Plaintiff filed a motion seeking a writ of mandamus against the President, all
premised on the President's supposed duty to him under section 333. Under the All
Writs Act, a federal court has jurisdiction to issue a writ of mandamus only "in aid of' its
jurisdiction. 28 U.S.C. § 1651(a). A federal court may issue a writ of mandamus only if
there is an independent basis for subject matter jurisdiction. See United States v.

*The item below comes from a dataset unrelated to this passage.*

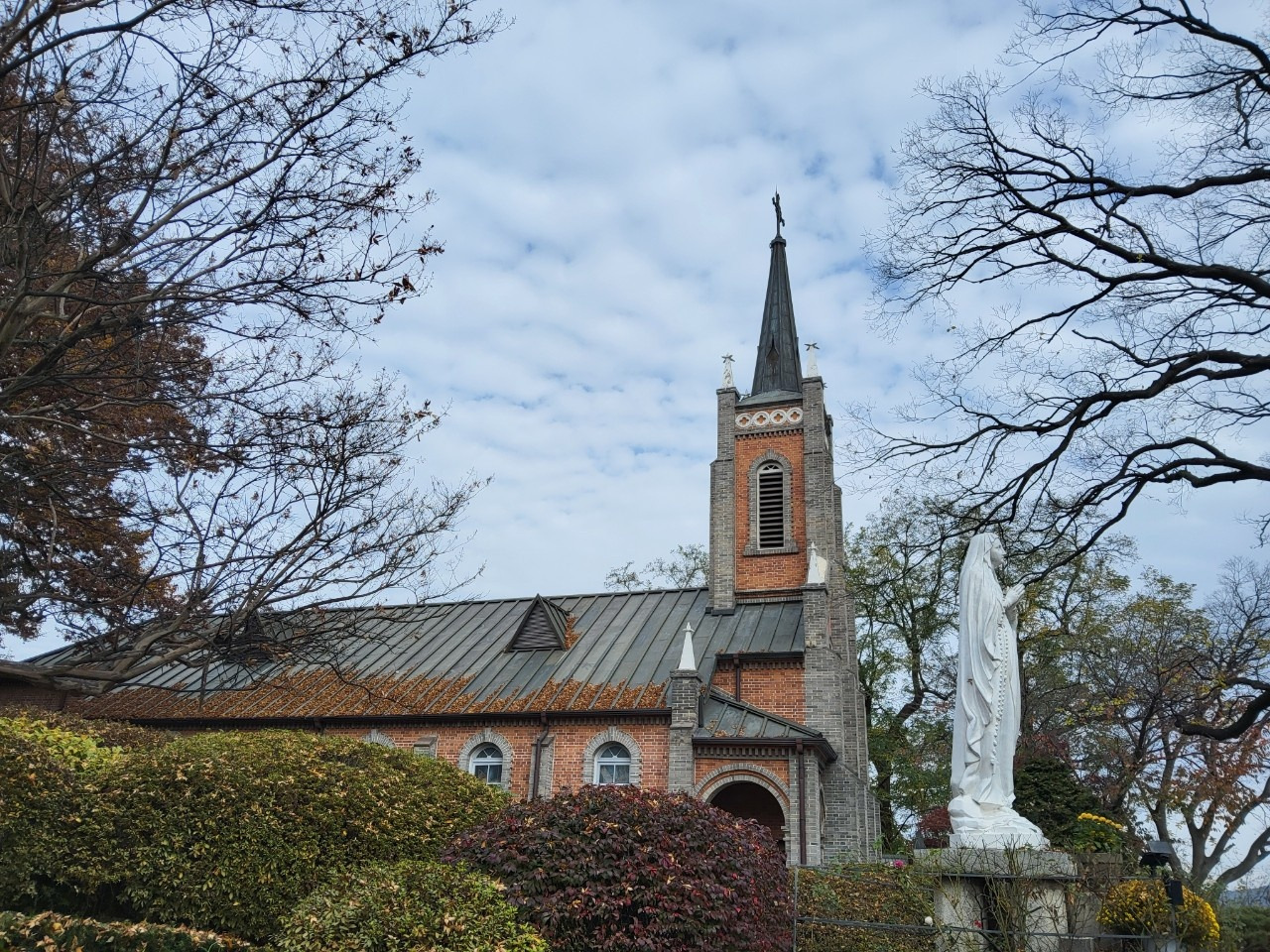 공세리 성당은 벽돌로 지어진 예쁜 오래된 성당과 오래된 커다란 나무들의 풍경이 유럽에 온거 같은 생각이 들었어요.

Christian, 660 F.2d 892, 894 (3d Cir. 1981) ("Before entertaining" a petition for a writ of
mandamus, the court "must identify a jurisdiction that the issuance of the writ might
assist."). Federal courts have jurisdiction "in the nature of mandamus to compel an
officer or employee of the United States or any agency thereof to perform a duty owed
to Plaintiff." 28 U.S.C. § 1361. Since the President owes Plaintiff no duty under section
333, there is no conceivable basis for issuing a writ of mandamus.
CONCLUSION
The court will vacate that portion of the November 8, 2011 order that provides for
service of the Complaint by the United States Marshals Service. (See 0.1. 13,113.) In
addition, the Court will deny Plaintiff's motion for a writ of mandamus. (0.1. 3.) Finally,
the Court will dismiss the Complaint pursuant to 28 U.S.C. § 1915(e)(2)(B).